Fingerprint sensing and matching is a reliable and widely used technique for personal identification or verification. In particular, a common approach to fingerprint identification involves scanning a sample fingerprint or an image thereof and storing the image and/or unique characteristics of the fingerprint image. The characteristics of a sample fingerprint may be compared to information for reference or enrolled fingerprints already in a database to determine proper identification of a person, such as for verification purposes.
Traditional approaches for fingerprint matching generally rely on minutia, which are point features corresponding to ridge ends and bifurcations.
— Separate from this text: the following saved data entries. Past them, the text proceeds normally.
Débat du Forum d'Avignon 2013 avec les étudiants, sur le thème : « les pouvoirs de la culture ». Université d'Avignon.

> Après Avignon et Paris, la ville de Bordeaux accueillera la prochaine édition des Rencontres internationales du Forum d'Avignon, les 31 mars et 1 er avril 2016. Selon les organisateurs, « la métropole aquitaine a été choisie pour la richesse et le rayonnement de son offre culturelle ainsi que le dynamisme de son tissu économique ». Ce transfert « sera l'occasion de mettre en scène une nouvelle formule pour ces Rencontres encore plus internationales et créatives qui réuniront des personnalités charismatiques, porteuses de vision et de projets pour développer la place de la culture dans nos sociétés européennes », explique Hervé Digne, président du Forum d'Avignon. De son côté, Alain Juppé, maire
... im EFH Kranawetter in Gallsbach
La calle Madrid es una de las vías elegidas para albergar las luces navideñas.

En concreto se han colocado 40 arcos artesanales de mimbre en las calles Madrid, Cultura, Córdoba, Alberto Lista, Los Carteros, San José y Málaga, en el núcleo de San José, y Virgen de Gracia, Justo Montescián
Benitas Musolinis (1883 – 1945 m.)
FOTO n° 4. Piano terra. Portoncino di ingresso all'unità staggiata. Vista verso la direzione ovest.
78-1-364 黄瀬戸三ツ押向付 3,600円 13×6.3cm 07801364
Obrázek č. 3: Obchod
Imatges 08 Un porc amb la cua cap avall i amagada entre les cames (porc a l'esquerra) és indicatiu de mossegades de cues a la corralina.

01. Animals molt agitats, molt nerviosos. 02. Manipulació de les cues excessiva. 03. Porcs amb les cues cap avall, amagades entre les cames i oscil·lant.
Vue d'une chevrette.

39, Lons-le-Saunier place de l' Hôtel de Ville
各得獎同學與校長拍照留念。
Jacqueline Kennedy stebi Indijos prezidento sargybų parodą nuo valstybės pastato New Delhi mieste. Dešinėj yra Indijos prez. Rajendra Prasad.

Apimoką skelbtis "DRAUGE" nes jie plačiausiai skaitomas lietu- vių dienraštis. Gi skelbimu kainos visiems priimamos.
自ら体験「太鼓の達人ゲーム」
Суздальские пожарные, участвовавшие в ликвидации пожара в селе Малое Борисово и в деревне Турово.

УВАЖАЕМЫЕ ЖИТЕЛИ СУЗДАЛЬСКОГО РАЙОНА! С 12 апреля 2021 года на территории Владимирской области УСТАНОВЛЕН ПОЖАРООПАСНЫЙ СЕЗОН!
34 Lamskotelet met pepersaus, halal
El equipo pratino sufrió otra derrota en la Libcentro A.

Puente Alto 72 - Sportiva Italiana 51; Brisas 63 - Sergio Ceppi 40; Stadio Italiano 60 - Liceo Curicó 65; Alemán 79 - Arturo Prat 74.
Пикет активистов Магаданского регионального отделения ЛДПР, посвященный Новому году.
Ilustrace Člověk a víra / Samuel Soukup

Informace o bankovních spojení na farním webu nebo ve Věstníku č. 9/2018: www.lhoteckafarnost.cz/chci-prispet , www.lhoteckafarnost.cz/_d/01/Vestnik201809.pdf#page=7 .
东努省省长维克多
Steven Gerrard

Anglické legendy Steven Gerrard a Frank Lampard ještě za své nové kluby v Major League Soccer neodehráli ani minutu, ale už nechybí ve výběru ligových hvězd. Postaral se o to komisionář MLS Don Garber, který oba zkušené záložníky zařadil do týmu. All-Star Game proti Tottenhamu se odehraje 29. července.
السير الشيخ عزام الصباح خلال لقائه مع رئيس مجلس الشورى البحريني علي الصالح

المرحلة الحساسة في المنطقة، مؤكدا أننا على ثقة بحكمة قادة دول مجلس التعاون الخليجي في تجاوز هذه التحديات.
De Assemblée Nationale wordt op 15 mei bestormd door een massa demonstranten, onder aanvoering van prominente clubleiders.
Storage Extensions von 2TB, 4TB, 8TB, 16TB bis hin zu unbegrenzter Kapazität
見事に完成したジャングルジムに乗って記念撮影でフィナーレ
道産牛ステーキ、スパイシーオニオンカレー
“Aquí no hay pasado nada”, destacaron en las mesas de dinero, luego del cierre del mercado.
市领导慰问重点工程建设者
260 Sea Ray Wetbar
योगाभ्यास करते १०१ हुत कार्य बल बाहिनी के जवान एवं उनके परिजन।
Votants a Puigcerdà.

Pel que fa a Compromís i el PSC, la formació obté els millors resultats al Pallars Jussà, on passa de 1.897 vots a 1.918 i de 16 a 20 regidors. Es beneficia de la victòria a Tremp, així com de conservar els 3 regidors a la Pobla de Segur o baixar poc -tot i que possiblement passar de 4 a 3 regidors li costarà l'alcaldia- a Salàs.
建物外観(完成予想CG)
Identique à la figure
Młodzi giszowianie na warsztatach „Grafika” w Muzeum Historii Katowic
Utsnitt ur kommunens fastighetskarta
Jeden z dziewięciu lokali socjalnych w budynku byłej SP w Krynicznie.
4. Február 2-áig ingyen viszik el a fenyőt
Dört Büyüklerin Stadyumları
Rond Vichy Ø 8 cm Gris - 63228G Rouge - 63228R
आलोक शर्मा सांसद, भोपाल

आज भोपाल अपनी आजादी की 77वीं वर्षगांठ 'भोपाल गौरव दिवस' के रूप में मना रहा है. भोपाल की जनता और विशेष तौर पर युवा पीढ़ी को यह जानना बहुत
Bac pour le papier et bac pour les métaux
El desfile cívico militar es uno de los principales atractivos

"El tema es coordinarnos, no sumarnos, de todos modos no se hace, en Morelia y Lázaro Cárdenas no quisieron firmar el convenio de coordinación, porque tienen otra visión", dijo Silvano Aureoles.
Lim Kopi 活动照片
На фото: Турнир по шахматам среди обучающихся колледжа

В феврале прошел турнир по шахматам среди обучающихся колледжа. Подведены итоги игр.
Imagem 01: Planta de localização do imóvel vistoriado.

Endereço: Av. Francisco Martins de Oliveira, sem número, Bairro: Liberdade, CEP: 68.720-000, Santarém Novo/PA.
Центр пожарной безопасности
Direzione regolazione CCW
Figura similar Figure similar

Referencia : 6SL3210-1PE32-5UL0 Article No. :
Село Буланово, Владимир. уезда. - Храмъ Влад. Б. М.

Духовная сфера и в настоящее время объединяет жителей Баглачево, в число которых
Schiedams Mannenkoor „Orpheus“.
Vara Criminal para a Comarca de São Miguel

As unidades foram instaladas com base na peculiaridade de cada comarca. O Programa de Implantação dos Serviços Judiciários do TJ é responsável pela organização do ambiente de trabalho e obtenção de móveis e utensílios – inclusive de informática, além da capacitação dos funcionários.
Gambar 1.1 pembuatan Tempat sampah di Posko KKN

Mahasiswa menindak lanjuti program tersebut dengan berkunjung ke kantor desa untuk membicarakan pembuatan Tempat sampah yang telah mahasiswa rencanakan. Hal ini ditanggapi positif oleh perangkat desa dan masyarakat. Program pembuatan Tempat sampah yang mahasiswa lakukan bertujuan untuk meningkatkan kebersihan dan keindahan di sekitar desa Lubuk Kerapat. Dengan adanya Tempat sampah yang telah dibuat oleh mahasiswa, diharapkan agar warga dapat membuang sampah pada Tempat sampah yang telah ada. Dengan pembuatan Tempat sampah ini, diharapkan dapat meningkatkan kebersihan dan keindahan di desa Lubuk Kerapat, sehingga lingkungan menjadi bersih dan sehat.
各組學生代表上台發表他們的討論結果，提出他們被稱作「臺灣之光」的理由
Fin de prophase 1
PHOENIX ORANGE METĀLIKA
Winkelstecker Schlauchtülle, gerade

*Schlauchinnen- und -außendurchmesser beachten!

However, minutia-based matchers may have certain drawbacks. First, minutia extraction may be difficult in images of poor quality. Second, a minimum fingerprint area may be needed to extract a reasonable number of minutiae. Thus, minutia-based matchers may be unsuitable in applications where poor quality images or small sensors are involved. Using fingerprint pattern features, instead of minutiae, for matching may potentially mitigate both of these drawbacks. Examples of fingerprint pattern features are image pixel values, ridge flow, and ridge frequency.
Ridge flow information has been used in a variety of stages in fingerprint recognition. It is commonly extracted through tessellating the fingerprint image into small square blocks or cells and estimating the dominant ridge flow within each block. The resulting map is referred to as the ridge flow map.
Despite the existence of such ridge flow techniques, they may not provide desired matching speed for some implementations.